Kir Titievsky | Product Manager | Google Cloud Pub/Sub

--
You received this message because you are subscribed to the Google Groups "Google Cloud Pub/Sub Discussions" group.
To unsubscribe from this group and stop receiving emails from it, send an email to cloud-pubsub-discuss+unsub...@googlegroups.com.
To view this discussion on the web visit https://groups.google.com/d/msgid/cloud-pubsub-discuss/0d33041e-508e-49ba-ab00-f5afa98e0126%40googlegroups.com.
For more options, visit https://groups.google.com/d/optout.



--
Kir Titievsky | Product Manager | Google Cloud Pub/Sub 

Yash Narvaneni

unread,
Oct 7, 2016, 1:54:27 PM10/7/16
to Kir Titievsky, Google Cloud Pub/Sub Discussions
Hi Kir,
I created an alert for a specific subscription with a condition that, if the unacknowledged messages increase at a rate of 20% over 15mins, then alert me. How does this work? I am assuming, that the alert calculates rate of increase of unacknowledged messages every 15mins to see if there is any increase. if yes, it alerts. Am I correct? If not, let me know how it works. Most alerts I am getting are false-alarms. Like the one below..

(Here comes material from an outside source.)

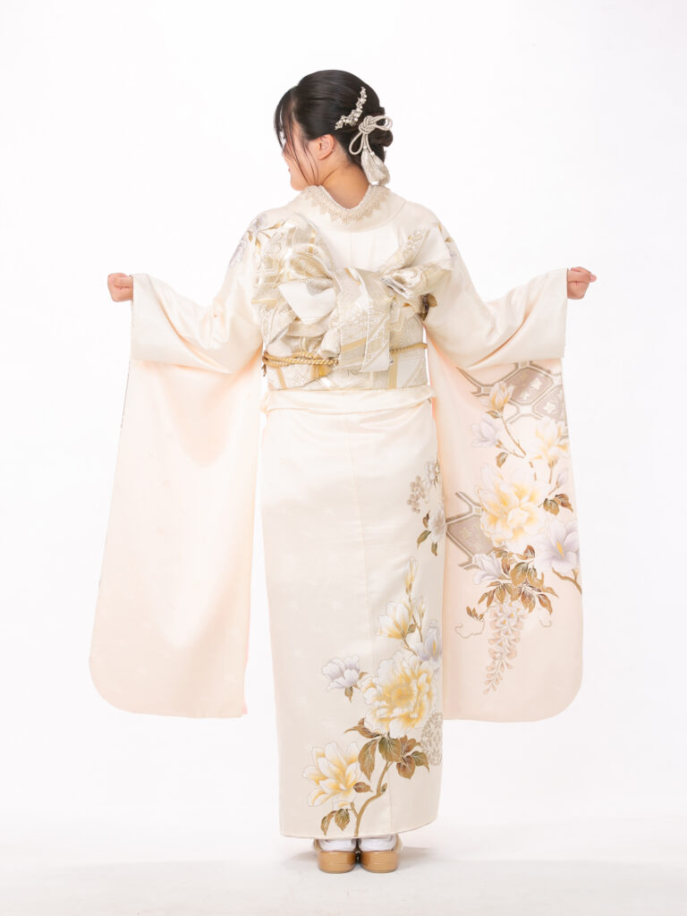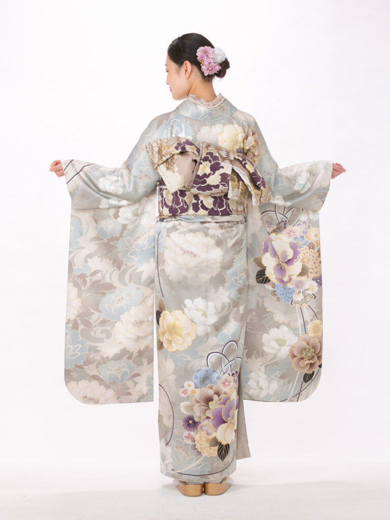 統的な着物の枠にとらわれない ペールトーンのモダンな振袖。 伝統的な花柄のモチーフを配置し 洗練されたエレガントな印象に。

How do I represent the rate of change from 0-1? Does Google Cloud monitoring consider it 100%? or something else? Because, I am getting alerts like the following,

Google Stackdriver has detected that one of your resources has entered an alert state.

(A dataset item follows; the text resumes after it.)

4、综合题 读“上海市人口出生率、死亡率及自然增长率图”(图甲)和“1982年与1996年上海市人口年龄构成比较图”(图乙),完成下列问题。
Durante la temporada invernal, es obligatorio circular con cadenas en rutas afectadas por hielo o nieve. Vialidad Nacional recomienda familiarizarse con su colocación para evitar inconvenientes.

Summary: Unacknowledged Messages for user-create~history is increasing rate of 20 with a value of 0 

Violation Began: 2016-10-07 17:40:11 UTC

View violation details

Document:


Events are not getting acknowledged. The Unacknowledged messages are increasing at a rate of 20% for 15 minutes

and the graph on the metric looks something like, 

Inline image 1

I dont want to track these spikes. I want to track if messages are not being acknowledged for a long duration even if there are messages getting published to the respective topic.


Regards
Yash

Yashodhar Narvaneni
Contact:+1-610-883-3837

Fight On!!

On Wed, Oct 5, 2016 at 7:15 AM, Kir Titievsky <k...@google.com> wrote:
Hi, Yash,

Thanks for the question! Do you think alerting on the subscription "Unacknowledged Messages" metric?  If this number is large or growing really fast, you are publishing faster than you are ack'ing. 

Kir Titievsky | Product Manager | Google Cloud Pub/Sub
On Tue, Oct 4, 2016 at 8:20 PM, Yash Narvaneni <n.yas...@gmail.com> wrote:

I want to add an alert on Google Cloud Monitoring such that, for a given topic and a subscription, I want to know if a topic is being published then subscriptions are not being acknowledged at the same or similar rate for a given time frame.

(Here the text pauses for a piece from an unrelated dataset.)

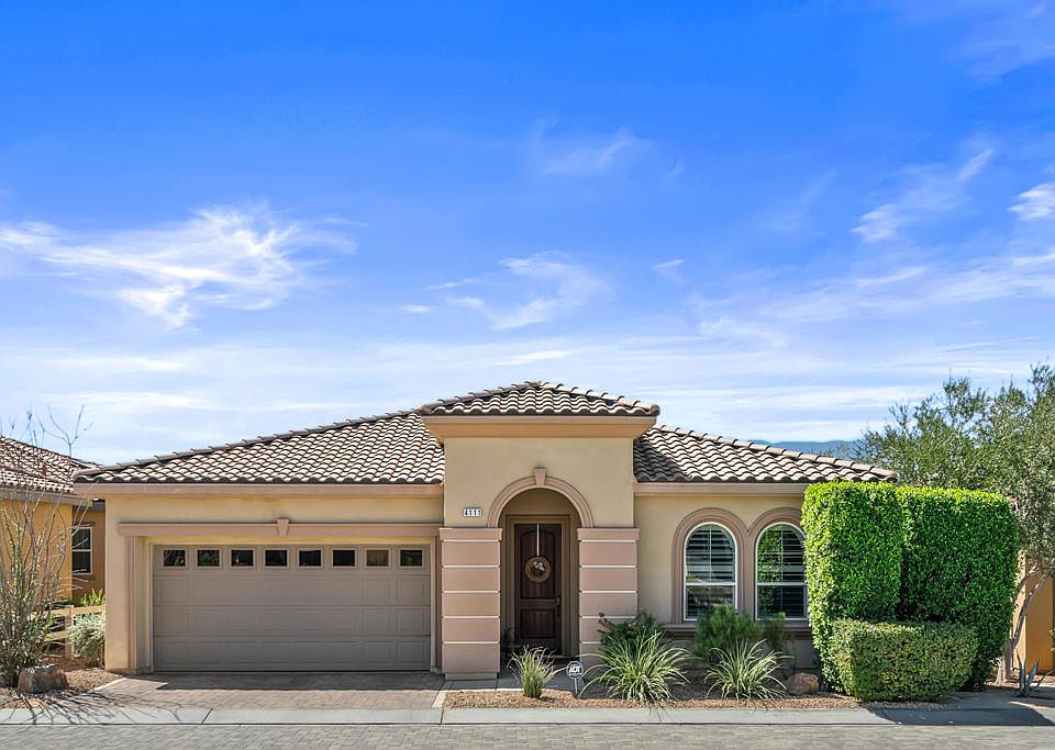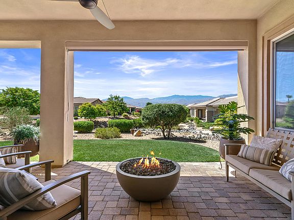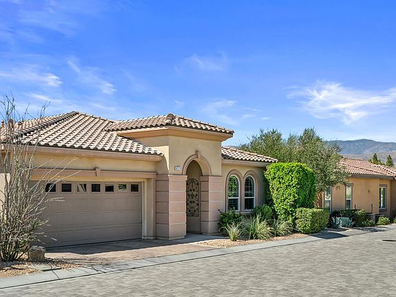 Introducing Villa Portofino, the ultimate destination for those seeking an exceptional 55 or better community experience in the heart of Palm Desert. Prepare to be captivated by 4111 Via Tramonti, a residence that is being which boasts the most coveted view lot in Villa Portofino. With no homes obstructing your sight, you'll be treated to breathtaking mountain vistas that will leave you in awe. Prepare to be impressed by the abundance of upgrades, from the recently painted interior, brand new water filtration system, just installed upgraded tankless hot water system, exquisite lighting fixtures, porcelain flooring, custom built-ins throughout which were completed in 2024, custom master closet organizer and added bar area w/refrigerator. Even the garage has been transformed into a haven of luxury, featuring epoxy floors, air conditioning, and added insulation - a testament to the commitment to excellence that defines this property. Indulge in the luxury of two spacious patios, with the rear patio stretching an impressive thirty feet. Three brand new electric shades being installed on back patio this week at a cost of 14k for your privacy and shade in the summer. Embrace sustainable living with the added benefit of leased solar panels for a mere 73 dollars per month. You will love the 30,000 square foot clubhouse with state-of-the-art movie theater, billiards room, serene meditation room and invigorating yoga studio, fitness center, Bistro, Pool and more!

How do we achieve that using Alerts in Google Cloud Monitoring or StackDriver?


I have tried an approach where I have 2 conditions to satisfy:

  1. If publish operations > 0.016/sec for 2 minutes (meaning atleast one publish per minute)
  2. If subscribe acknowledgments < 0.001/sec for 2 minutes (If no subscribe acknowledgements happening in 2 minutes)

Then, alert.

Whats happening here is, during low load, if there are no publishes happening say for a span of 3 minutes and a publish happens, both conditions 1 and 2 are set to be true and devs are alerted about this as failure.

So, what is the right way of designing such alerts?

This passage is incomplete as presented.